> **Work to complete**: Would you reproduce, word for word, only the lines running from the top of the data through the line containing "With this elegantly", and none of the pictures?

> **Source material**:
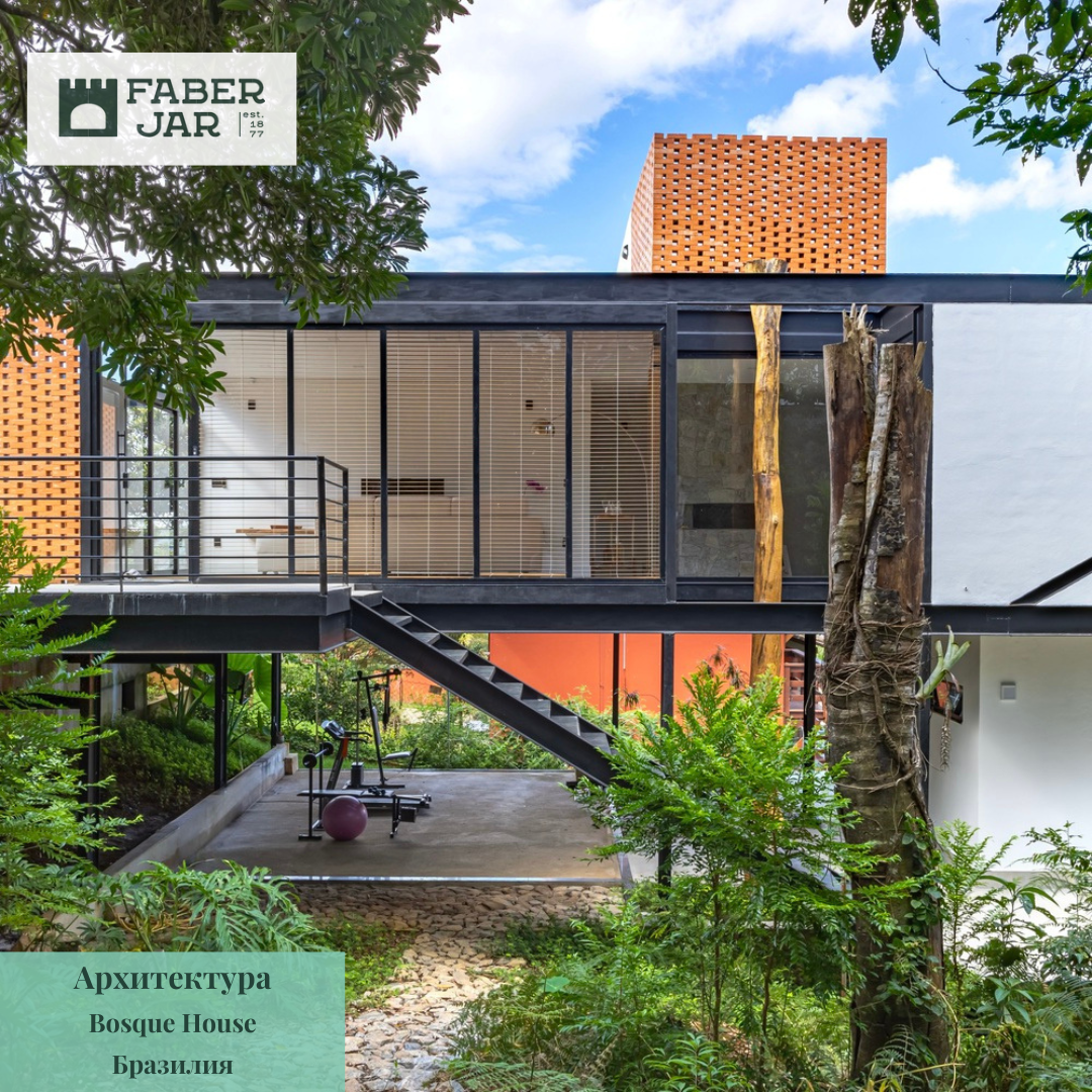 🏡 Проект Bosque House от Nó Arquitetura — необычный коттедж в самой высокой части города, на крутом склоне, с видом на море в Бразилии. 🌿 Дизайнерская идея родилась из минимального вмешательства в ландшафт, создавая уважительный диалог с окружающей природой. Дом, который адаптируется к земле, а не наоборот. 🧱 Лаконичная, но эффектная палитра материалов определяет дизайн: бетон, натуральные камни, сталь, стекло и кирпич. Кирпич отвечает за покрытие всего главного фасада, обеспечивая исключительную приватность и визуальную провокацию оригинальной кладкой. 🏠 Дом Боске — это спокойное пространство, полное интересных материалов и пространственных нюансов.
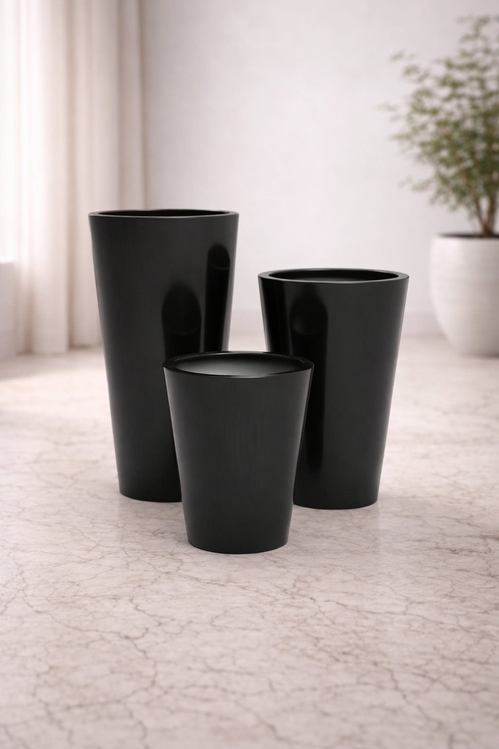 3’lü Siyah Fiber Saksı Seti – Modern Dekoratif İç Mekan Saksıları
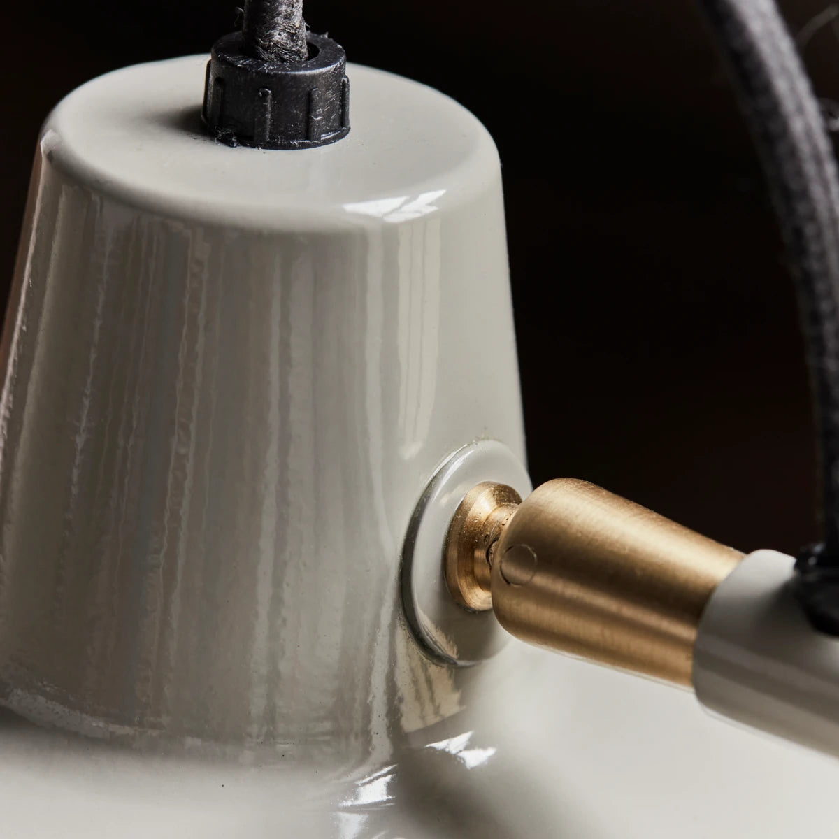 With this elegantly designed table lamp, you can add a touch of modern industrial flair to any room. This grey lamp combines sleek lines and a smooth enamel finish, making it both contemporary and timeless. Perfect for your office, living room, or bedside, it effortlessly enhances any space.- Industrial design, enamel finish- Versatile for any room- 2.5 m black fabric cable- White inside shade for brightnessIlluminate your space with style and sophistication.
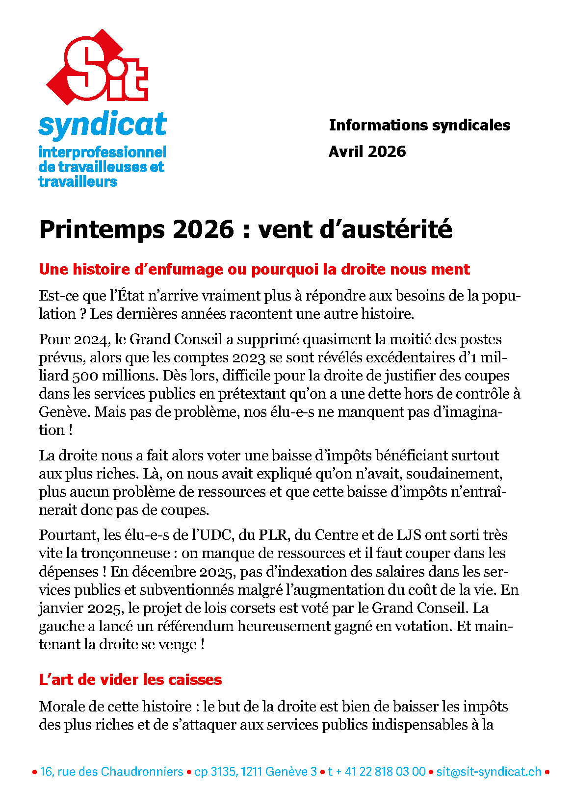 Suite au refus du projet de budget 2026 en décembre par la majorité de droite du Grand Conseil, qui exigeait des économies de 300 millions, le Conseil d’État a proposé un nouveau projet de budget, copié-collé du précédent. Il gèle les postes et les salaires et soutient le discours de l’austérité. Malgré l’excédent de 50 millions en 2025, le Conseil d’État est incapable de proposer une politique sociale répondant aux besoins de la population. Est-ce que l’État ne peut vraiment plus répondre à ces besoins ? Bien sûr que non ! Il s’agit au contraire d’une orientation politique assumée de la droite, qui baisse les impôts des plus riches et s’attaque aux services publics en servant ainsi les intérêts des plus privilégié-e-s.

> **Your response**:
 🏡 Проект Bosque House от Nó Arquitetura — необычный коттедж в самой высокой части города, на крутом склоне, с видом на море в Бразилии. 🌿 Дизайнерская идея родилась из минимального вмешательства в ландшафт, создавая уважительный диалог с окружающей природой. Дом, который адаптируется к земле, а не наоборот. 🧱 Лаконичная, но эффектная палитра материалов определяет дизайн: бетон, натуральные камни, сталь, стекло и кирпич. Кирпич отвечает за покрытие всего главного фасада, обеспечивая исключительную приватность и визуальную провокацию оригинальной кладкой. 🏠 Дом Боске — это спокойное пространство, полное интересных материалов и пространственных нюансов.
 3’lü Siyah Fiber Saksı Seti – Modern Dekoratif İç Mekan Saksıları
 With this elegantly designed table lamp, you can add a touch of modern industrial flair to any room. This grey lamp combines sleek lines and a smooth enamel finish, making it both contemporary and timeless. Perfect for your office, living room, or bedside, it effortlessly enhances any space.- Industrial design, enamel finish- Versatile for any room- 2.5 m black fabric cable- White inside shade for brightnessIlluminate your space with style and sophistication.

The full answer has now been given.